In short, scientists extract the T cells from a patient's immune system, retrain them to better target and kill cancer cells, and then reintroduce them into the patient's body. While there are many studies out there that suggest this methodology is quite effective, the one downside is that its quite expensive. In many cases, certain CAR-T therapies cost almost half-a-million dollars per patient.
For biotech companies developing CAR-T treatments; however, this presents a pretty significant opportunity. With some research suggesting that the CAR-T therapy market could hit $13.6 billion by 2026 (with an annual growth rate of around 56%), that's a tremendous growth opportunity for companies like Adaptimmune.
Of course, considering how lucrative this market could be, there are a number of CAR-T drugs currently in development. Two such drugs having already been approved by the Food and Drug Administration (FDA), that being Gilead's Yescarta and Novartis' Kymriah.
What else does Adaptimmune have on the table?

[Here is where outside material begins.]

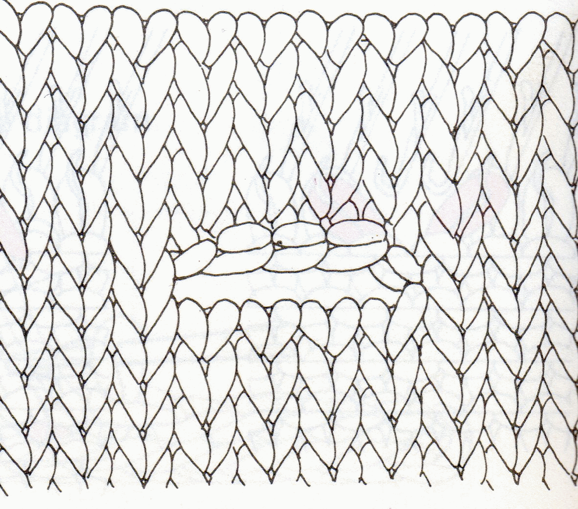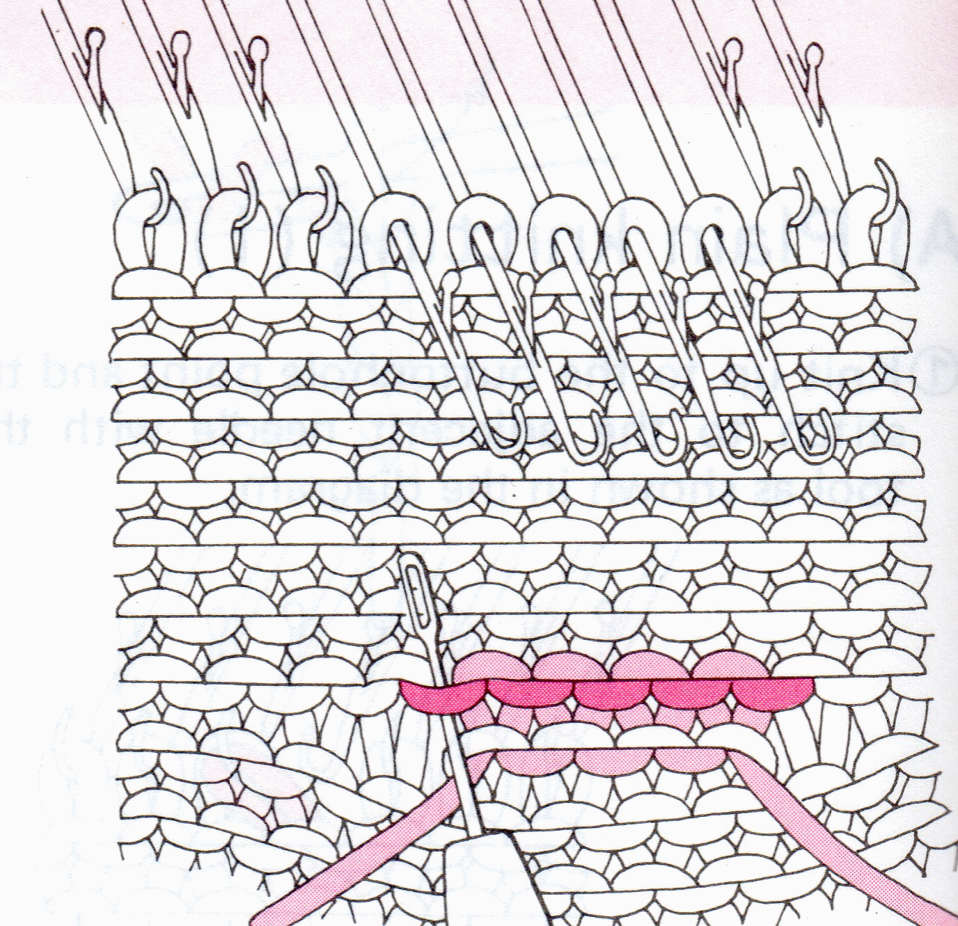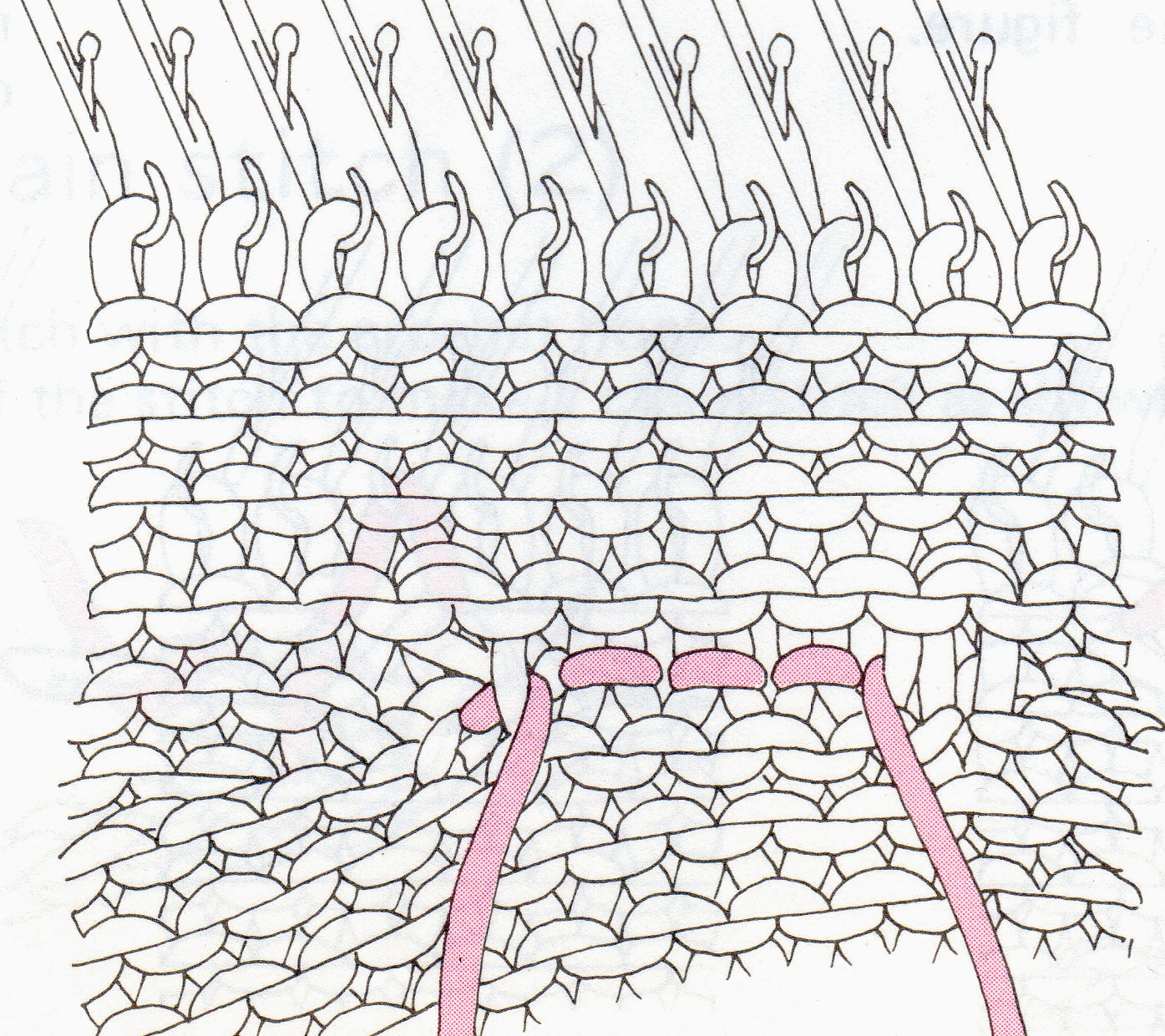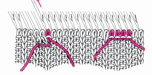 Knit the rest of the band, drop and relatch the ribbing. Do not convert any of the marked stitches (the contrast thread); they need to remain in stockinet.

ADP-A2M4 is primarily being developed as a synovial sarcoma treatment but has two other trials testing its effectiveness in treating multiple solid tumors. The most notable of which is a phase 1 trial that was scheduled to finish enrollment in the seccond quarter. Other cancer indications besides synovial sarcoma that ADP-A2M4 will be tested for include ovarian, gastric, urothelial, and non-small cell lung cancer tumors, among others.

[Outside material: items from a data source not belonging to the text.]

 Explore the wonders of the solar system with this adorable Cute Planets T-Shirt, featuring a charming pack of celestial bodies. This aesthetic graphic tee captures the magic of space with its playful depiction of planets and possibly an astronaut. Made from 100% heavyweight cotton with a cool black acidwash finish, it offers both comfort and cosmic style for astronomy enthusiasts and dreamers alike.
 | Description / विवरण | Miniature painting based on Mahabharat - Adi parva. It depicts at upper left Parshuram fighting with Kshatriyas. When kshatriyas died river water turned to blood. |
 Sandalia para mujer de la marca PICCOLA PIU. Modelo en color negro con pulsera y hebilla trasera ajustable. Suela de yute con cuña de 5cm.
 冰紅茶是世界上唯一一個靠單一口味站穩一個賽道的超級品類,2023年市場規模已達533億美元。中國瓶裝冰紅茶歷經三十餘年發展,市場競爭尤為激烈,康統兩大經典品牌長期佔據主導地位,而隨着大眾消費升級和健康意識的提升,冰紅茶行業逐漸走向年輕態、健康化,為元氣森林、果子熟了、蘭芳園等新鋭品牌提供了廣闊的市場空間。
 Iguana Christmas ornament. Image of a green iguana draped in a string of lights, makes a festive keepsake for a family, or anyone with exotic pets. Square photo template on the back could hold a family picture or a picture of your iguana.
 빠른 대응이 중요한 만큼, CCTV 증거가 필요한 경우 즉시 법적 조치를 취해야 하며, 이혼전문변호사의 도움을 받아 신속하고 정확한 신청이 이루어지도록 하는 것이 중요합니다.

However, Adaptimmune doesn't much much else going for it at the moment besides its flagship drug candidate. The company has a few other candidates currently in preclinical testing, like ADP-A2AFP and ADP-A2M10, but little else.
Looking at the financials
As mentioned before, Adaptimmune Therapeutics carries a remarkably high valuation – a market cap of $1.7 billion – with just $761,000 in revenue for its first fiscal quarter. In comparison, net losses came in at $28.2 million for the quarter.
While that might seem pretty bad, that's pretty much on par for the course when it comes to early-stage biotech stocks. Since most of Adaptimmune's drug candidates are still in preclinical or early clinical testing, it's still going to take years before they can apply for FDA approval, let alone hit the market.
As such, the real question financially is whether Adaptimmune has enough cash to last for the next few years. Looking at its balance sheet, the company has $86.4 million in cash and another $110 million in marketable securities. At its current rate of cash burn, that wouldn't be enough to last a couple of years at most.
However, Adaptimmune just recently finished a public stock offering, raising $242.8 million in the process. With this extra cash on hand, investors shouldn't worry too much about Adaptimmune possibly running out of money.
What's the verdict?
Shares of Adaptimmune more than doubled in late May when the company announced its early clinical trial results, and it wouldn't be surprising if the same happens in the future. However, investors shouldn't forget that nothing's certain in the world of early-stage biotech stocks. Plenty of highly promising candidates have flopped in later trials, and the same could happen with Adaptimmune's ADP-A2M4.
To put that into perspective, a 2018 study from the Massachusetts Institute of Technology (MIT) found that only 14% of all drugs that start clinical trials end up winning FDA approval. Those odds are far from appealing.
There's a fine line between investing in a promising pipeline versus speculating on a drug's possible success rate. Considering how early in the development process Adaptimmune's candidates are right now, there's way too much uncertainty to say for sure how things will work out for the company. Instead, keep this stock on your radar for the next year or two and see how its clinical trials are doing then.